Can Chronic Nitric Oxide Inhibition Improve Liver and Renal Dysfunction in Bile Duct Ligated Rats?

The aims of the present work were to study the effects of chronic NO inhibition on liver cirrhosis and to analyze its relationship with liver and kidney damage markers. Two inhibitors of NO synthesis (inducible NO synthase (iNOS) inhibitor, aminoguanidine (AG), and nonselective NOS inhibitor, L-nitroarginine methyl ester (L-NAME)) were administered for 6 weeks to bile duct ligated (BDL) rats 3 days after surgery. The present study showed that BDL was associated with liver injury and renal impairment. BDL increased liver NO content and myeloperoxidase (MPO) activity. This was corroborated by increased oxidative stress, TNF-α, TGF-1β, and MMP-13 genes overexpression.
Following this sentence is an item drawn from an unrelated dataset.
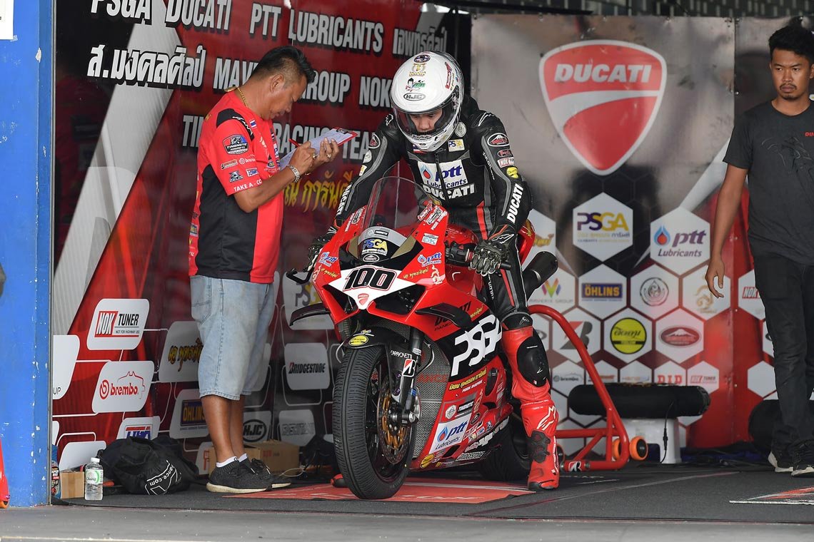 ขณะที่ "ซุป" อนุชา นาคเจริญศรี รองจ่าฝูงบนตารางคะแนนสะสมรั้งอันดับ 4 ในวันแรกตามหลัง 1.947 วินาที ตามด้วย "ซีเค" ชัยวิชิต นิสกุล จาก จอมไทย แฮปปี้ โฮม โมโตเร็กซ์ บริดจสโตน เรซซิ่ง ทีม ในอันดับ 5 ตามหลัง 1.974 วินาที ด้านผู้นำบนตารางคะแนนสะสมอย่าง "ติ๊งโน๊ต" ฐิติพงศ์ วโรกร จาก พีเอสจีเอ ดูคาติ พีทีที ลูบริแคนต์ นก จูนเนอร์ ติ๊งโน๊ต เรซซิ่ง ทีม รั้งอันดับ 6 ตามหลัง 2.548 วินาที

Although both drugs reduced NO synthesis and TNF-α gene overexpression, only AG improved renal dysfunction and liver damage and reduced liver oxidative stress. However, L-NAME exacerbated liver and renal dysfunction. Both drugs failed to modulate TGF-1β and MMP-13 genes overexpression. In conclusion, inhibition of NO production by constitutive nitric oxide synthase (cNOS) plays a crucial role in liver injury and renal dysfunction while inhibition of iNOS by AG has beneficial effect. TNF-α is not the main cytokine responsible for liver injury in BDL model. Nitric oxide inhibition did not stop the progression of cholestatic liver damage.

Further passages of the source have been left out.